As O’Mara continued to cruise, the energized Knights of the first few innings struggled to push runs across after Keeler Thomas’ RBI single in the second. It’s a problem that plagued them in the quarterfinal against Fairport, an eventual 1-0 victory in which they simply couldn’t tack on.
But it was O’Mara himself that made sure that wouldn’t be an issue Thursday. Twice he came up with a runner in scoring position, and twice the right-handed hitter turned on a pitch into left field to bring the run home.
“I just wanna help myself out, just put the ball hard in play and good things happen,” O’Mara said. “It’s really good to help myself out. It helps me out on the mound a lot.”
Hilton scrapped to push two runs across against O’Mara in the sixth. But in part because of his bat, McQuaid had a cushion.
In the seventh, two of O’Mara’s three outs again came on the slider. First, he threw one that Beauchamp caught and gunned out a runner attempting to steal second. Victory within reach at that point, Beauchamp played an air guitar in celebration. The very next pitch was a looking strike three on the slider for the second out.
And just as O’Mara explained afterward, the threat of the breaking ball brought him his final out. He threw two sliders over for looking strikes, then a third that was fouled off. So O’Mara went to his heater, up in the zone, apparent velocity higher than actual because of the three preceding sliders. The hitter couldn’t catch up, and O’Mara had his postseason redemption.
“I know that’s a huge confidence booster for him,” Beauchamp said. “He started off strong this year, too, and he struggled through two starts, then his last two he’s come out and been lights out.”
There are four current Knights players who experienced a crazy comeback at Frontier Field to win the sectional title in 2017. There’s another nine that were there last season, when Victor turned the tables with a walk-off win of its own.
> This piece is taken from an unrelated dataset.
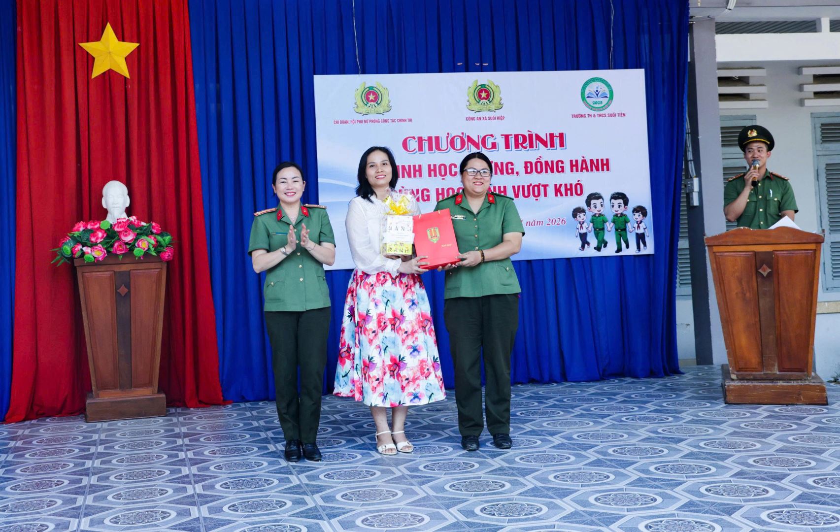 Chi đoàn, Hội phụ nữ Phòng Công tác chính trị phối hợp Công an xã Suối Hiệp trao tặng học bổng và các phần quà cho các em học sinh và Nhà trường.

Saturday, at 10 a.m., McQuaid will take that field a third-straight season with the “brick,” the sectional trophy, on the line.
The Knights’ seniors have commencement rehearsal on Friday morning. On Sunday evening, they’ll walk the stage for real. But on Saturday, they’ll seek out something even greater, Beauchamp said.
“We all work so hard,” Beauchamp said, “and I think everybody wants it more than anything in the entire world.”